On Mortgage-backed security, Joseph wrote and was quoted "A collateralized mortgage obligation (CMO) is a more complex MBS in which the mortgages are ordered into tranches by some quality (such as repayment time), with each tranche sold as a separate security."

=== Some of Haubrich's numerous articles, publications and papers include ===
- W(h)ither the Fed's Balance Sheet in July 2010 by Joseph G. Haubrich, John B. Carlson, and John Linder
- Inflation: Noise, Risk, and Expectations in June 2010 by Joseph G. Haubrich and Timothy Bianco
- A New Approach to Gauging Inflation Expectations in October 2009 by Joseph G. Haubrich
- Credit Crises, Money and Contradictions:A Historical View in September 2009 by Joseph G. Haubrich and Michael D. Bordo
- Umbrella Supervision and the Role of the Central Bank for the Journal of Banking Regulation Volume 57 No. 1, by Joseph G. Haubrich and James B. Thomson in November 2008
- "How Cyclical Is Bank Capital?" by Joseph G. Haubrich; published in 2015.
Joseph Haubrich is also listed as one of the top 5% of authors according to the criteria from IDEAS from RePEc

Joseph co-edited the book "Quantifying Systemic Risk" with Andrew Lo, and addresses the challenges faced when measuring statistical risk This book was released in 2013.

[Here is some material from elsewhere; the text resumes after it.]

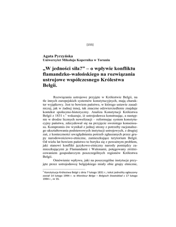 [155] Agata Pyrzyńska Uniwersytet Mikołaja Kopernika w Toruniu „W jedności siła?” – o wpływie konfliktu flamandzko-walońskiego na rozwiązania ustrojowe współczesnego Królestwa Belgii. Rozwiązania ustrojowe przyjęte w Królestwie Belgii, na tle innych europejskich systemów konstytucyjnych, mają charakter wyjątkowy. Jest to bowiem państwo, w którego ustawie zasadniczej, jak w żadnej innej, tak znaczne odzwierciedlenie znajduje kontekst społeczno-historyczny. Analiza Konstytucji Królestwa Belgii z 1831 r.1 wskazuje, iż ustrojodawca konstruując, a następnie w drodze licznych nowelizacji – reformując system konstytucyjny państwa, zdecydował się na przyjęcie swoistego konsensusu. Kompromis ów wynikał z jednej strony z potrzeby racjonalnego ukształtowania podstawowych instytucji ustrojowych, z drugiej zaś, z konieczności uwzględnienia potrzeb zgłaszanych przez grupy narodowościowo-etniczne, zamieszkujące terytorium Belgii. Od wielu lat bowiem państwo to boryka się z poważnym problem, jaki stanowi konflikt językowo-etniczny narosły pomiędzy zamieszkującymi je Flamandami i Walonami, potęgowany zróżnicowaniem gospodarczym poszczególnych regionów Królestwa Belgii. Omówienie wpływu, jaki na poszczególne instytucje przyjęte przez ustrojodawcę belgijskiego miały obie grupy etniczne, 1 Konstytucja Królestwa Belgii z dnia 7 lutego 1831 r.; tekst jednolity ogłoszony został 14 lutego 1994 r. w Moniteur Belge – Belgisch Staatsblad z 17 lutego 1994 r., nr 35. [156] poprzedzić należy ich krótką charakterystyką oraz uwagami dotyczącymi podłoża zaistniałego konfliktu. Flamandowie, zamieszkujący głównie w północnej części kraju, stanowią grupę pochodzenia germańskiego. Warto dodać, iż obecnie szacuje się, że ludność flamandzka przeważa w strukturze etnicznej społeczeństwa belgijskiego, oscylując w granicach 58% mieszkańców tego kraju2. Powszechnie używanym przez Flamandów językiem, co wynika z tradycji historycznej, jest język niderlandzki, niekiedy zwany także flamandzkim3. Grupę tę cechują przy tym silne tendencje nacjonalistyczne4, co sine dubio nie pozostaje bez wpływu na umacnianie konfliktu flamandzko – walońskiego. Walonowie natomiast, stanowiący ok. 31% ogółu społeczeństwa, to ludność pochodzenia romańskiego, skupiona przede wszystkim w południowych i środkowych prowincjach kraju. Dominującym wśród nich językiem jest francuski, czym przez szereg lat grupa ta uzasadniała swoją wyższość nad północnymi, niderlandzkojęzycznymi sąsiadami. Używany przez Walonów język francuski zyskał bowiem status języka urzędowego już w pierwotnym brzmieniu Konstytucji z 1831 r. Proces zrównywania z nim języka niderlandzkiego rozpoczęto dopiero w 1898 r., kiedy to król Leopold II, na skutek silnych aspiracji Flamandów o równouprawnienie językowe, uznał flamandzki za drugi język oficjalnie obowiązujący5. 2 Internetowa Encyklopedia PWN, www.encyklopedia.pwn.pl (dostęp: 30.09.13 r.), s.v. Belgia. Ludność. 3 Dane statystyczne wskazują, iż 60% mieszkańców współczesnej Belgii włada językiem niderlandzkim; zob. A. Limanowska, Historia konfliktu flamandzko – walońskiego, http://www.twojaeuropa.pl/1697/flandria-walonia-historia-kon fliktu (dostęp: 30.09.13 r.). 4 W. Skrzydło, Konstytucja Belgii, Warszawa 1996, s. 4. 5 A. Pacześniak, Belgia podzielona. Pęka fundament,. Warto jednak zauważyć, iż proces zrównywania pozycji języków w Belgii osiągnął apogeum dopiero w drodze ustawy z 8 listopada 1962 r., na mocy której dokonano podziału kraju na 4 obszary językowe. [157] Warto zauważyć, że dla Walonów posługiwanie się językiem francuskim było oznaką oczywistej dla nich wyższości. Skoro bowiem rodzina królewska oraz elity kraju przez szereg lat używały języka francuskiego, mieszkańcy południowej części Belgii, przejawiający z zresztą silne tendencje separatystyczne6, nie widzieli potrzeby przyswajania zupełnie obcego i marginalizowanego na południu, języka Flamandów. Taki stan rzeczy, polegający na zauważalnym zróżnicowaniu etniczno-językowym, stanowi wynik splotu wydarzeń, które przez wieki kształtowały historię współczesnej Belgii. Powstanie niepodległego Królestwa Belgii w 1830 r. poprzedzone było bowiem wielokrotnymi zmianami w zakresie zwierzchnictwa nad tym terytorium. W czasach starożytnych tereny, o których mowa, zamieszkiwane głównie przez plemiona germańskie, zostały podbite przez Rzymian, co zapoczątkowało długotrwały proces romanizacji zamieszkałej tam ludności. Po traktacie z Verdun (843 r.), zachodnia część Niderlandów znalazła się pod panowaniem Francji, wschodnia zaś – Niemiec. Wydaje się, iż to właśnie od tego momentu zaczynają kształtować się na terytorium późniejszej Belgii antagonizmy kulturowo-językowe, pogłębiane kolejnymi zmianami w zakresie zwierzchnictwa nad obszarem Niderlandów. Zauważyć bowiem należy, iż omawiany obszar znajdował się kolejno pod panowaniem hiszpańskim, austriackim, francuskim, a po upadku Napoleona I – włączony został do Królestwa Niderlandów7. Choć w wyniku powstania z 1830 r. udało się odsunąć od władzy holenderską dynastię Orańską i rozpocząć kształtowanie nowego, niepodległego państwa belgijskiego pod egidą dynastii Sasko-Koburskiej8, rozdźwięk pomiędzy obiema częściami terytorium, zamieszkiwanymi przez zupełnie odmienne kulturowo grupy etniczne pozostał, a nawet – rzec można – z biegiem czasu nabierał na sile. 6 W. Skrzydło, op. cit., s. 4. E. Zieliński, Parlament Belgii, Warszawa 1994, s. 5. 8 A. Głowacki, System konstytucyjny Belgii, Warszawa 1997, s. 6. 7 [158] Dodać także należy, jak sygnalizowano powyżej, iż podział państwa na francuskojęzyczną Flandrię i niderlandzkojęzyczną Walonię, potęgowany był (a także jest nadal) również przez różnice ekonomiczne pomiędzy tymi

== Featured Publications ==
Some of Joseph's notable and widely-known economic publications include:

- “Does the Yield Curve Predict Output?” Annual Review of Financial Economics, 2021 (November): 13: 341–362.
- “Inflation Expectations, Real Rates, and Risk Premia: Evidence from Inflation Swaps.” With George Pennacchi and Peter Ritchken. Review of Financial Studies, 2012, 25(5): 1588–1629.
- “Credit Crises, Money, and Contractions: An Historical View.” With Michael D. Bordo. Journal of Monetary Economics, 2010, 57(1): 1–18.
- “Risk Aversion, Performance Pay, and the Principal–Agent Problem.” Journal of Political Economy, 1994, 102(2): 258–276.

== Documentary ==
In 2014, Joseph produced a documentary film titled "Panic of 1907" that illustrates how the panic led to the creation of the Federal Reserve system. This film stemmed from a 2012 study he worked on with Michael Bordo at the Cleveland Federal Reserve Bank. A paper covering this topic is titled Deep Recessions, Fast Recoveries, and Financial Crises: Evidence from the American Record written in conjunction with Bordo in 2013.

This film can be viewed at the Museum of American Finance and was produced for the Learning Center and Money Museum located at the Federal Reserve Bank of Cleveland.

The "Panic of 1907" documentary was featured in the Chagrin Falls Documentary Film Festival in 2015 in the "Shorts" category.